O Jane na pewno nie mogli się dowiedzieć.
Nie ich sprawa, że prosił ją, by pojechała z nim do Afganistanu. Zresztą i tak będzie to zapewne cała grupa: może jakaś pielęgniarka do pomocy Jean-Pierre’owi na miejscu; może jacyś inni lekarze skierowani do różnych części kraju; dlaczego Jane nie mogłaby się znaleźć między nimi? Nie była co prawda pielęgniarką, ale mogłaby przejść przyśpieszony kurs, a jej wielkim atutem była znajomość farsi, narzecza języka perskiego, którym posługiwano się w rejonie, do którego udawał się Jean-Pierre.

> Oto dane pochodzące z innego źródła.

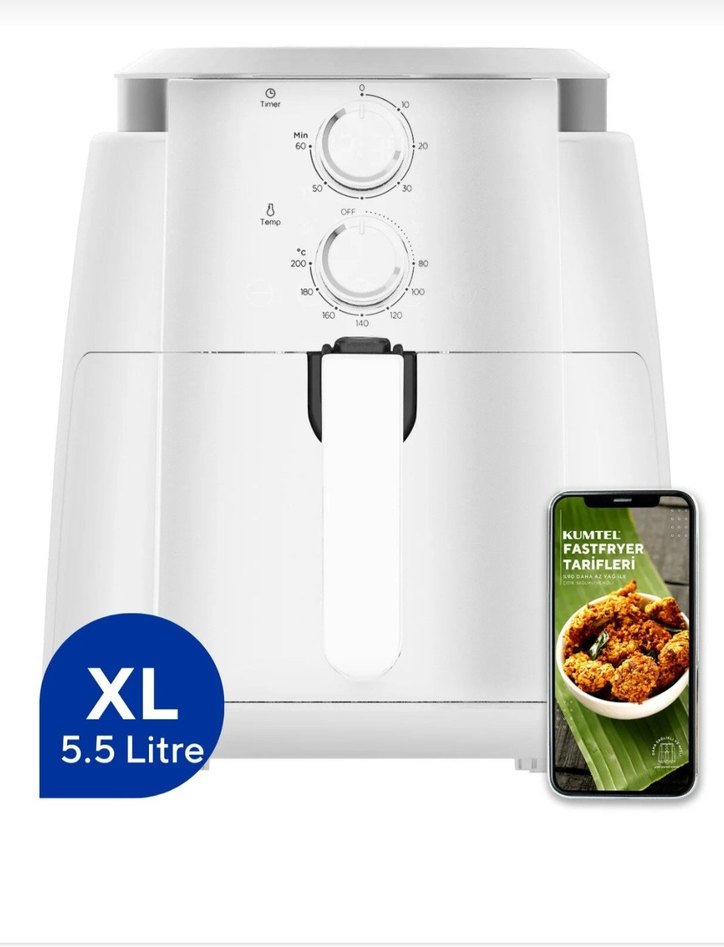 5.5 litrelik beyaz XL fritöz, ayarlanabilir zamanlayıcı ve sıcaklık kontrolüne sahiptir. Tarif uygulamasıyla birlikte gelir.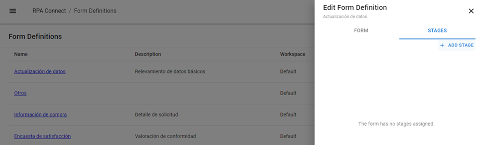 Se desplegará un apartado lateral con dos pestañas: ***Form***, la cual hemos visto anteriormente y corresponde a la información básica del formulario, y ***Stages***. Pulsa sobre esta última.
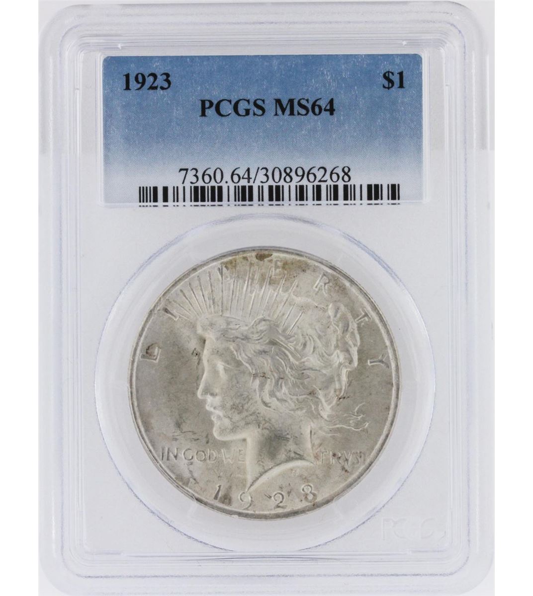 One 1923 PCGS MS64 Peace Silver Dollar. PCGS Certified.
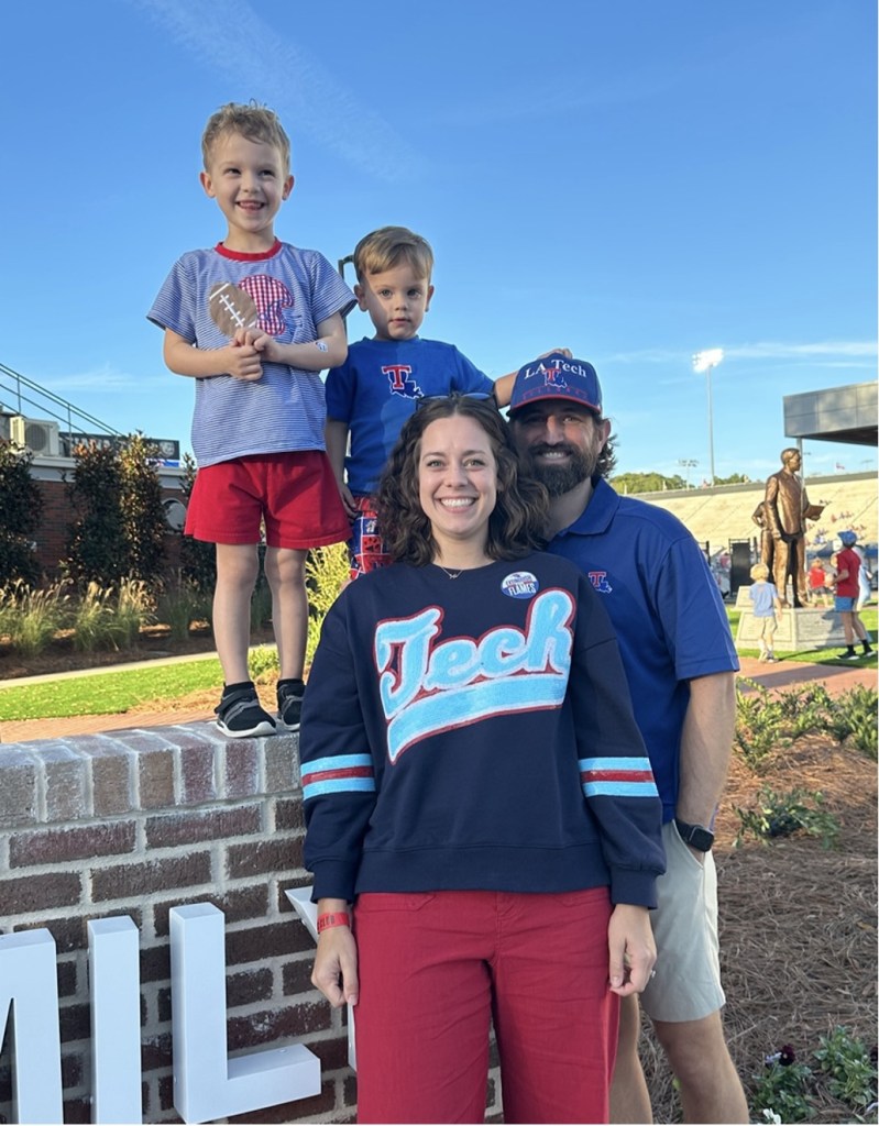 Being back at Tech is the dream I never knew I had. Louisiana born but raised in North Carolina – my family continued to loyally support Tech. My dad graduated with his bachelors and masters from Tech. He was a manager for the Louisiana Tech Bulldogs basketball team under Coach Scotty Robertson. Coach Robertson is the reason my dad switched from engineering to teaching and coaching high school basketball. With the impact from many Louisiana Tech legendary greats such as Coach Leon Barmore, Coach Tommy Joe Eagles, Coach Robertson, and more, my dad succeeded during his times at Cedar Creek, Dubach, Quitman, East Ascension, and lastly in Highlands. Fun fact: Mrs. Boyd attended one of my dad’s summer basketball camps as a camper herself!

Miał nadzieję, że wyrazi zgodę i w imię ideałów i żądzy przygód pojedzie z nim. Miał nadzieję, że zapomni tam o Ellisie i zakocha się w pierwszym Europejczyku, jaki nawinie się jej pod rękę. Będzie nim, ma się rozumieć, Jean-Pierre. Miał również nadzieję, że partia nigdy się nie dowie, iż namówił ją do wyjazdu z pobudek osobistych. Nie musieli tego wiedzieć i nie mieli jak się dowiedzieć – tak mu się przynajmniej wydawało. Być może się mylił. Być może mieli do niego pretensje.
Bzdura, powiedział sobie. Nie zrobiłem nic złego – a nawet gdyby, to nie będzie żadnej kary. To prawdziwe KGB, nie jakaś mityczna instytucja, która napawa lękiem prenumeratorów „Reader’s Digest”.
Raoul zaparkował wóz. Zatrzymali się przed drogą czynszową kamienicą na rue de l’Université. Poprzednie spotkanie z Leblondem również miało miejsce tutaj. Wysiedli z samochodu i weszli do budynku.
W korytarzu panował mrok. Wspięli się po krętych schodach na pierwsze piętro i zadzwonili do drzwi. Jak bardzo odmieniło się moje życie od chwili, kiedy po raz pierwszy stanąłem przed tymi drzwiami, pomyślał Jean-Pierre.